Somewhat defying these conclusions, the current study suggests that coronary CTA is not the best alternative for diagnosing ACS in low- to intermediate-risk patients with acute chest pain.

"The goal of the [emergency department] evaluation is not to make a diagnosis of CAD, but rather to rule out the diagnosis of ACS," the authors wrote. "Our results and those of others suggest that noninvasive testing does not achieve this goal in the [emergency department] setting."

This claim comes with limitations acknowledged by the authors and further reiterated by other physicians -- including a relatively short follow-up period of 28 days and the evaluation of patients only during weekday, daytime hours.

"While the findings are suggestive that [CCTA] testing may safely be omitted in such patients, the results are not definitive," wrote Dr. Gregory Curfman of Harvard Medical School in an accompanying editorial. "The study was not designed or powered to address this question, and patients were not randomized to testing."

Even suggesting that CCTA be omitted seems like a stretch, Dr. Joseph Schoepf from the Medical University of South Carolina (MUSC) told AuntMinnie.com in response to this study.

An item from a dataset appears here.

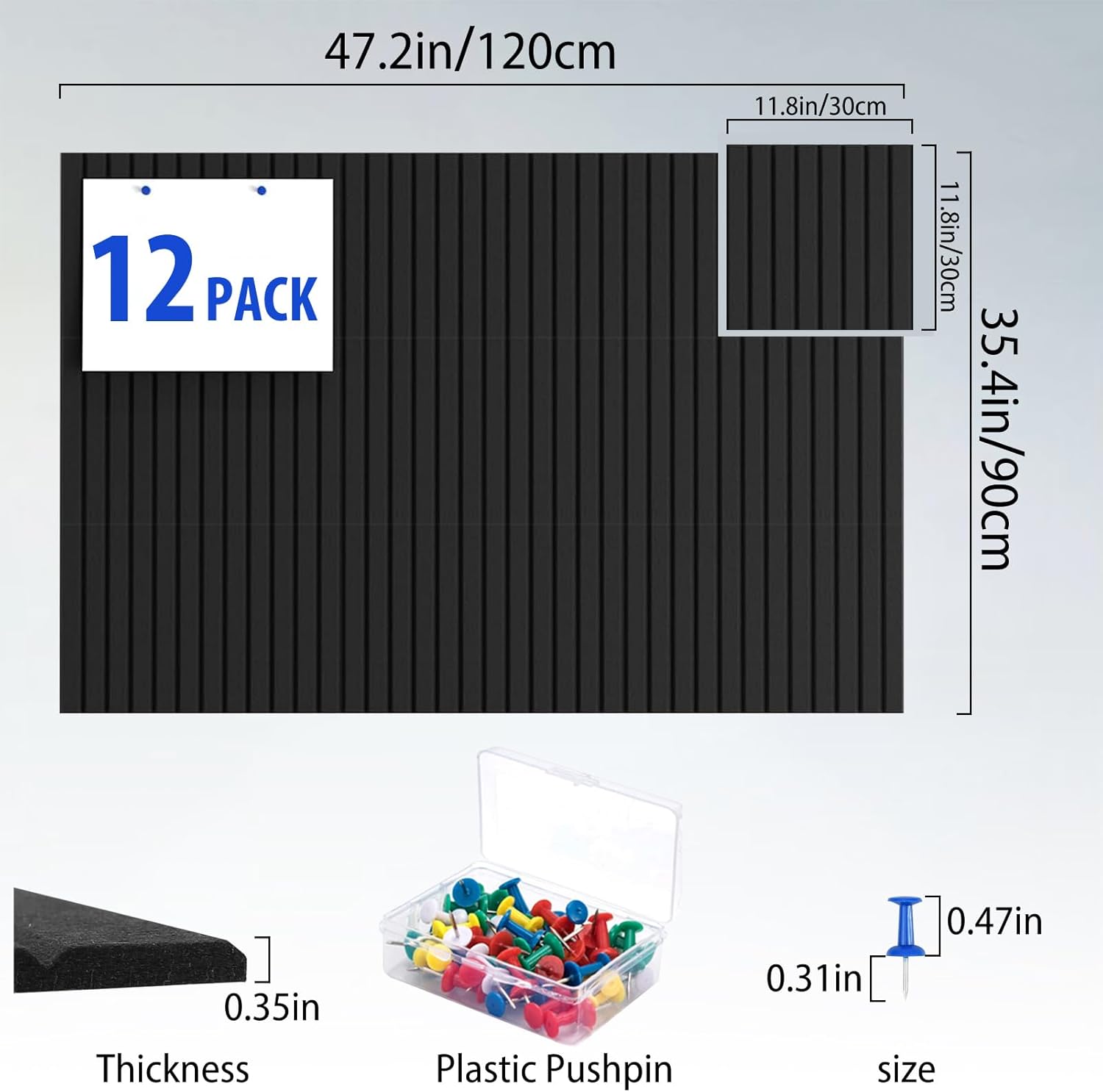 - Enhanced Package:12 pieces of 11.8"x11.8" Large Cork Board for Walls,A box of push pins, pinseasy to customize to any size you need. Very suitable for creating unique layouts that traditional hardwood boards cannot match.

"Trying to derive sweeping conclusions based on this small sample size falls short in the face of much larger investigations showing substantial improvement in patient management and outcome when CCTA is used over clinical evaluation," Schoepf said. "The advantages of using CCTA for acute chest pain testing would be much more relevant if applied broadly across the field like radiologists do at all times instead of only during bank hours."

The future of CCTA

While CCTA has proved its potential as a diagnostic tool, the findings of this study, at a minimum, ensure that the ongoing debate regarding the most appropriate strategy for diagnosing ACS will continue. What is certain is the need for further clinical research equipped to tackle this issue on a larger scale.

This study should motivate the performance of a randomized clinical trial of noninvasive testing to address this important clinical question, according to Curfman.

"While awaiting a trial, clinicians may wish to consider following patients with low-risk chest pain and reserving noninvasive testing if indicated by subsequent events," he wrote.